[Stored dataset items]
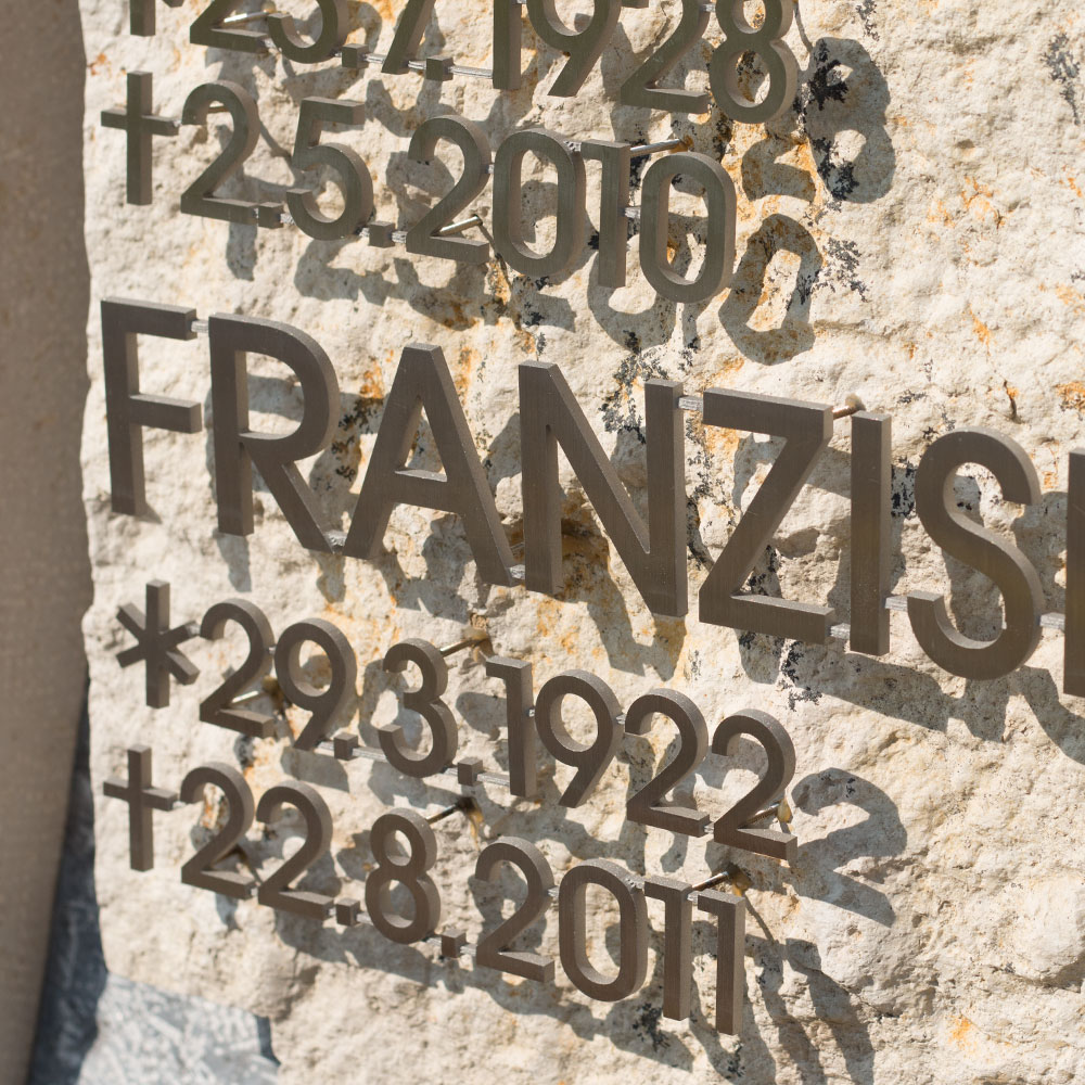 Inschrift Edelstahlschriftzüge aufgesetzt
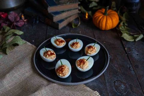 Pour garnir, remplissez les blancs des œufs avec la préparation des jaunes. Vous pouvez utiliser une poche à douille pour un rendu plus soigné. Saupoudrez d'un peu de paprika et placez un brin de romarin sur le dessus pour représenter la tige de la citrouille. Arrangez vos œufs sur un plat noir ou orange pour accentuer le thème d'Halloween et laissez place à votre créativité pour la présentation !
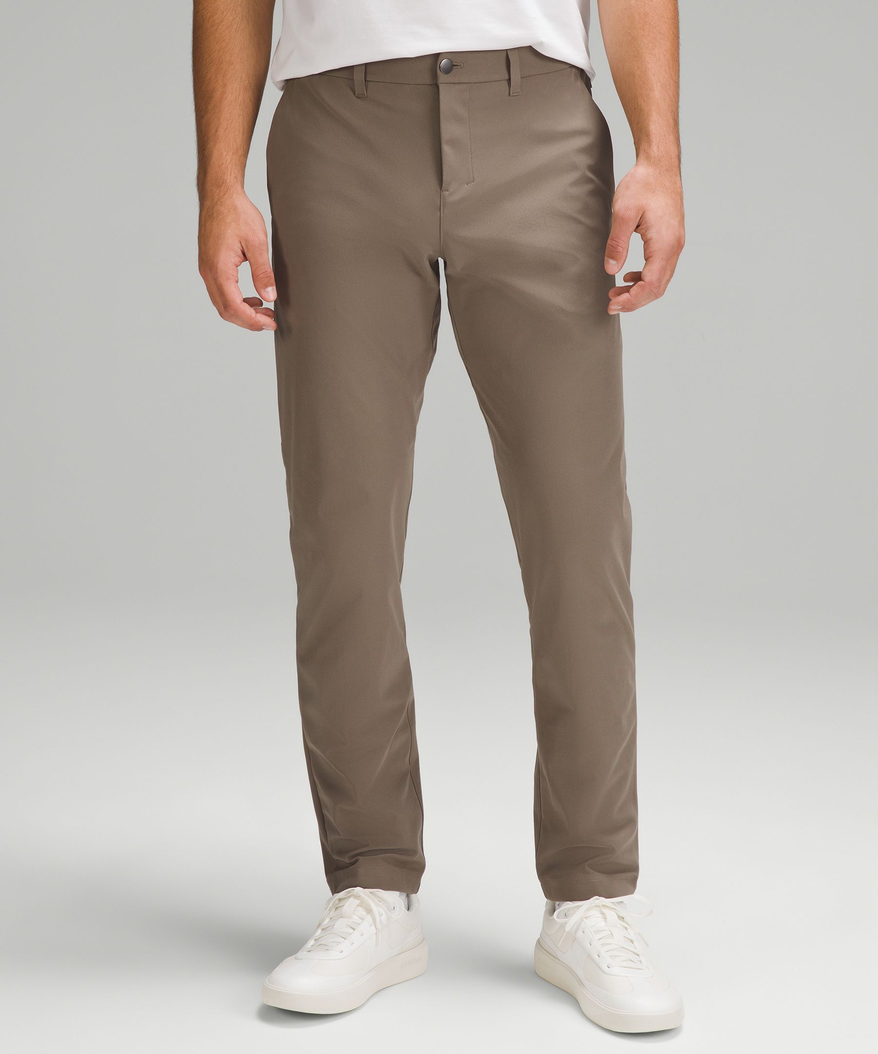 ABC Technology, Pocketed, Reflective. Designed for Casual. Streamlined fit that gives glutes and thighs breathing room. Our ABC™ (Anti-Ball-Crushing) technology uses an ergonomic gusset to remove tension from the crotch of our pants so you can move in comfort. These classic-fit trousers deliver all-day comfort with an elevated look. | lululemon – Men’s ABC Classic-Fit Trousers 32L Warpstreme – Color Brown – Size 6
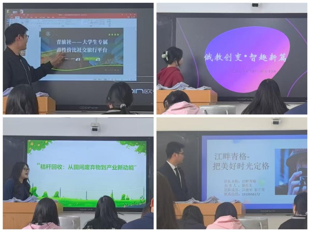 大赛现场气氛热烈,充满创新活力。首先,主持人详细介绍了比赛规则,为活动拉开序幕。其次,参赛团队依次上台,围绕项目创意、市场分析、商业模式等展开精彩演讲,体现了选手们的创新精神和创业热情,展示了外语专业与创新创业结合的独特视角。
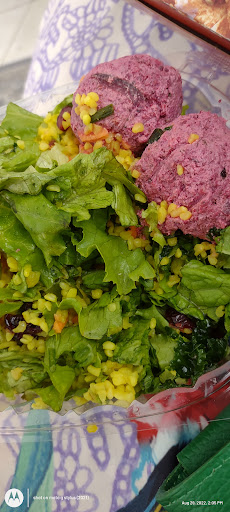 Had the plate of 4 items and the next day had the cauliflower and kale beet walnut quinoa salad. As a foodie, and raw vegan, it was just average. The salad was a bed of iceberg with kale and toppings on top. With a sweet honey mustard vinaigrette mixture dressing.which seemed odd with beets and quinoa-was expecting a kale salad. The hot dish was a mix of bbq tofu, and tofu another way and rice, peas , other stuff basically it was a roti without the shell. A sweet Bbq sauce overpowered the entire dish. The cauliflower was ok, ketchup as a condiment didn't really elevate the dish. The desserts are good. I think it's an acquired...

• EXERCISE: Return the records above exactly as written, but without any of the pictures.

• WRITTEN SOLUTION:
 Inschrift Edelstahlschriftzüge aufgesetzt
 Pour garnir, remplissez les blancs des œufs avec la préparation des jaunes. Vous pouvez utiliser une poche à douille pour un rendu plus soigné. Saupoudrez d'un peu de paprika et placez un brin de romarin sur le dessus pour représenter la tige de la citrouille. Arrangez vos œufs sur un plat noir ou orange pour accentuer le thème d'Halloween et laissez place à votre créativité pour la présentation !
 ABC Technology, Pocketed, Reflective. Designed for Casual. Streamlined fit that gives glutes and thighs breathing room. Our ABC™ (Anti-Ball-Crushing) technology uses an ergonomic gusset to remove tension from the crotch of our pants so you can move in comfort. These classic-fit trousers deliver all-day comfort with an elevated look. | lululemon – Men’s ABC Classic-Fit Trousers 32L Warpstreme – Color Brown – Size 6
 大赛现场气氛热烈,充满创新活力。首先,主持人详细介绍了比赛规则,为活动拉开序幕。其次,参赛团队依次上台,围绕项目创意、市场分析、商业模式等展开精彩演讲,体现了选手们的创新精神和创业热情,展示了外语专业与创新创业结合的独特视角。
 Had the plate of 4 items and the next day had the cauliflower and kale beet walnut quinoa salad. As a foodie, and raw vegan, it was just average. The salad was a bed of iceberg with kale and toppings on top. With a sweet honey mustard vinaigrette mixture dressing.which seemed odd with beets and quinoa-was expecting a kale salad. The hot dish was a mix of bbq tofu, and tofu another way and rice, peas , other stuff basically it was a roti without the shell. A sweet Bbq sauce overpowered the entire dish. The cauliflower was ok, ketchup as a condiment didn't really elevate the dish. The desserts are good. I think it's an acquired...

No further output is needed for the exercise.